Re: error: passing `const Weight' as `this' argument of `float Weight::wgt()' discards qualifiers

Ruben <ruben@www2.mrbrklyn.com> kirjutas:


No, it will not, and that's the point of the const system. It holds your
hand and tries to prevent you shoot in your leg.

Some people argue that constness it not the only or most important aspect
to keep in mind when working with objects, and there should be no
obligation to use it. However, it has been built into the language (in
signatures of assignment op and copy ctor and the rule about binding
temporaries to const references) as well as into the standard library, so
practically there is no alternative to making all code const-correct from
the start.

Here, the standard signature for assignment op is as you wrote:

Weight& Weight::operator=(const Weight &fweight);

The constness of the argument now propagates further to every use of the
fweight reference. I try to explain the propagation mechanism in more
detail, feel free to use your books instead if I am not making any sense
;-)

The signature promises that inside this function the fweight argument is
kept const. Now you are calling function fweight.wgt() which is non-const
and thus may potentially modify the object referenced by fweight. Thus
the compiler cannot be sure it can keep up with the promises of operator=
() signature, so the compilation is aborted.
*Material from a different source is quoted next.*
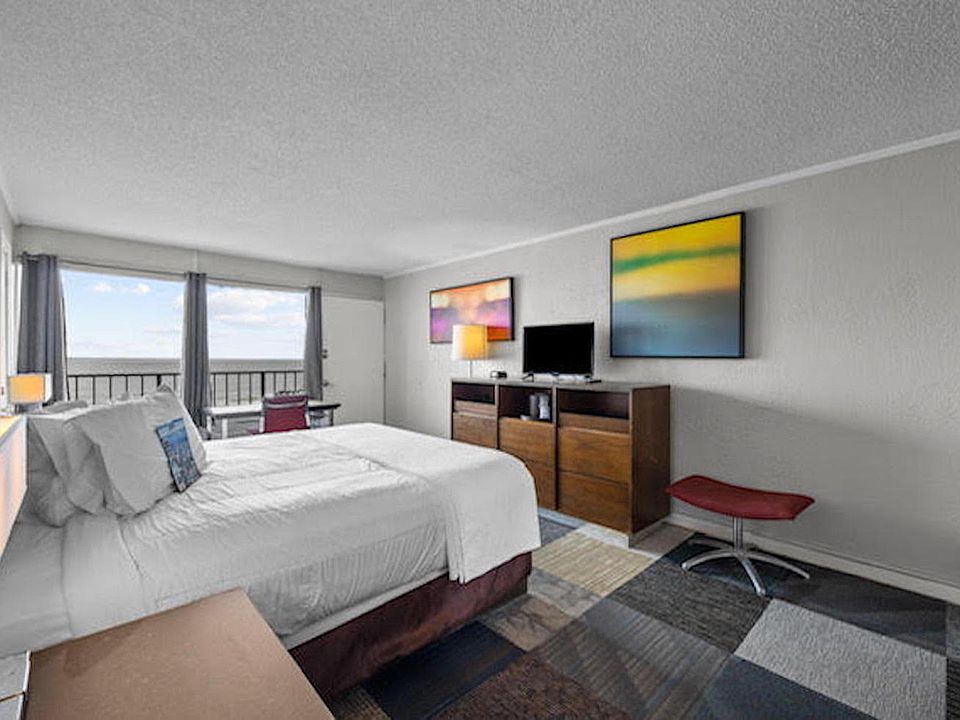 Experience comfort, tranquility, and relaxation at The Red Tree Inn. This room features a king-size bed, a mini fridge, a microwave, and breathtaking ocean views. Enjoy the refreshing scent of salt air and the feel of sand between your toes at our beachfront property. Dive into fun with friends and family at our beautiful pool. Plus, you're just minutes away from fantastic dining, shopping, and exciting attractions. Let your adventure begin! Only small or medium-sized pets are accepted and guests must pay an additional fee for each pet.

Now, if you make wgt() const,

class Weight {
     public:
        float wgt() const { return wgt_; };

Now the operator=() is happy and compiles. OTOH, if you had called some
non-const member function on the same object from wgt(), you would have
got another error there, i.e. the error will also "propagate". Now you
could add 'const' to this next member function and see if the thing
compiles, etc.

However, making the code const-correct this way is quite tedious, better
is to decide up-front which member functions should not modify the
object, and mark them 'const' from the start. The "getter" functions like
wgt() are the obvious candidates.

hth
Paavo